5. Finally, after triage, if you have a non urgent complaint and it is busy, expect to wait until all the sick patients are cared for. Each time you bitch and moan to the triage nurse, she becomes more passive aggressive, and your wait lengthens. It is especially bad when you ask why they brought the sweaty pulseless guy in ahead of you. That reflects badly on you and all the other hangnail/boil/rash/runny nose crew you run with.

I hope these pointers are helpful as you plan your visit.


  1. Also, when asked by the doctor "What seems to be the problem tonight sir?" Do not reply, "I don't know, you're the doctor." One day I will snap at this reply and end up in the pen as some big dude's bitch.

  2. Might I add: please bring with you a list of all the medications that you are currently taking. It doesn't matter if you generate this list on the computer and didn't have time to type the new ones in before the paramedics trundled you into the ambulance. Either write them in with a good old fashioned instrument of writing or bring the new bottles with you. Do not, DO NOT, tell me "Dr. So and So just started me on a new pill for something... it's small and (pick your color)." About 9.5 hours into a 12 hour shift this week when the umpteenth person tried play 'guess that pill' with me I said, "don't even start that. Do you have any idea how many little white pills there are in the world? What pharmacy do you use?"

  3. From a registration perspective - Don't say that all your info is in the computer and don't ask why you have to provide your INS/ID every time you come in. Also, if you read the signage you will see that it is hospital policy requesting that you provide your Ins/ID

    Do you really think I want to ask you unnecessary questions? Do you really think I want to create more work for myself? Do you really want me to leave or enter inaccurate info in your record that will cause YOU and others a problem later? How much time DO YOU want to waste discussing this instead of getting registered quickly and examined by the doc and out. Do you want the ambulance to come in and bypass you before we finish your registering? I am being paid for my time - are you? Do you really want to sign out AMA and drive to the other busier hospital that is a half hour away?

    Information changes often and I can't count the number of times there was wrong patient info in the system that needed to be corrected - when nothing had changed.

    In 20 years I never said these things, but instead I did patiently answer these questions and more. I always cared about their feelings etc., but, I would think - if I had just a dime for every time this or that question was asked. :)

  4. Why can't we have a modern ER like grocery stores?

    Self checkout? Have all the patients go to a screen and press buttons. After the machine does the diagnosis, put in the credit or debit card; out comes the pills, needle, thread and self help instructions.

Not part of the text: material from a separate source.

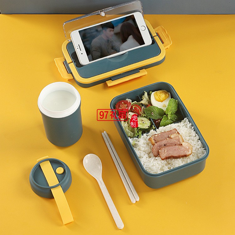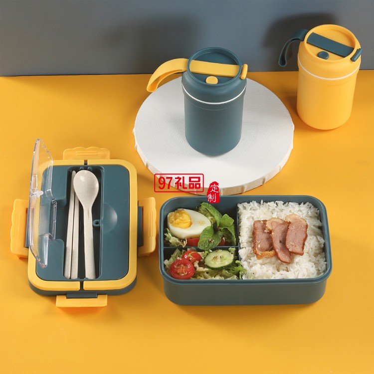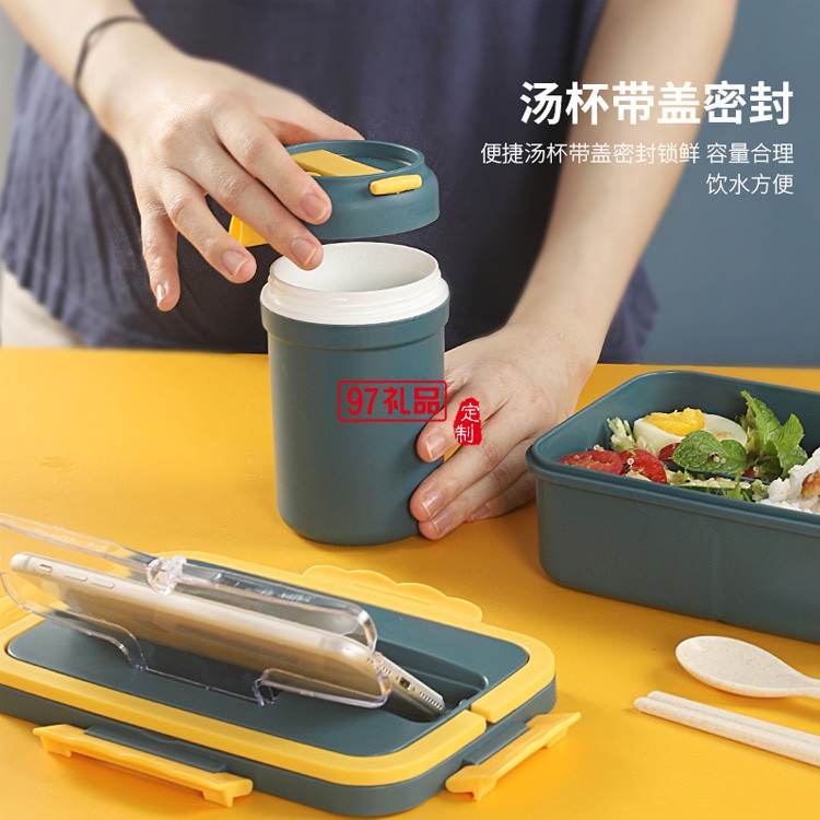 學(xué)生飯盒午餐盒小麥秸稈便當(dāng)盒早餐杯套裝禮品可微波爐塑料保鮮盒

    Ofcourse there would need to be a tazer robot to jumpstart any of the patients not moving or incapable of using the self checkout machines.

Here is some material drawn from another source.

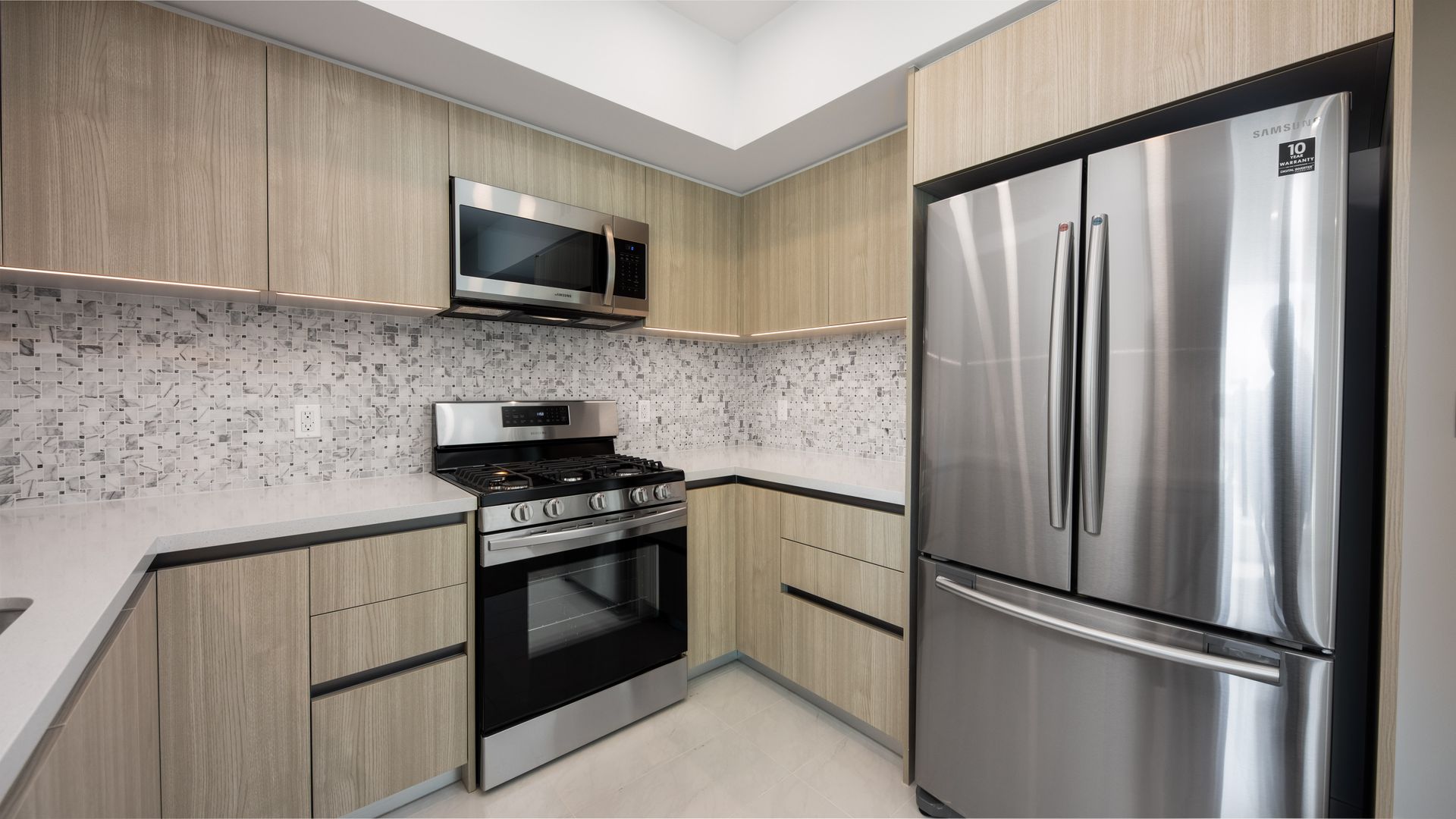 The building is located between Olympic and Pico, 2 streets away from La Cienega, and available for immediate occupancy. Central Air Condition, new Samsung French Door refrigerator, gas Stove/Range, built-in Microwave, Dishwasher, built-in closets, walk-in closet, Washer/Dryer in unit, double-panned windows with solar shades, and gym conveniently located on the first floor. The building also has controlled access intercom and a common area rooftop.

    It would save alot of money(no doctors), cut down on lawsuits(machines not responsible for incorrect responses etc.), and be more humane (severly ill people would not survive thus being euthanized and not suffering years of medical abuse)

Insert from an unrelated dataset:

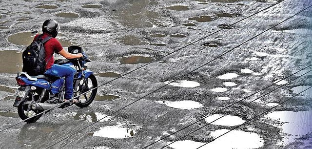A man rides on RC road, which was severely damaged by the rain in Tirupati on Wednesday | Madhav K

  5. At my institution the provision of a Lortab gumball machine, automated work excuse generator, and prozac salt-lick in the waiting room has been discussed but has been nixed due to its reliance on sheer logic.

  6. 911doc if you institute the Lortab gumball machine etc. don't forget the pregnancy test machine next to the work excuse generator.

  7. Yeah, you and me we could make a bundle on the pregnancy test machine. Go to RiteAid, buy 100 home pregnancy tests for $3 a piece, then vend them from the machine for $500 a piece (which would be less than their bill for me to do the same thing in the ED). Of course the really smart ones demand the "blood test" because "last time my friend Jenny was pregnant they told her she wasn't and all they did was a urine test but three weeks later they did a blood test and she was"... but don't get me started.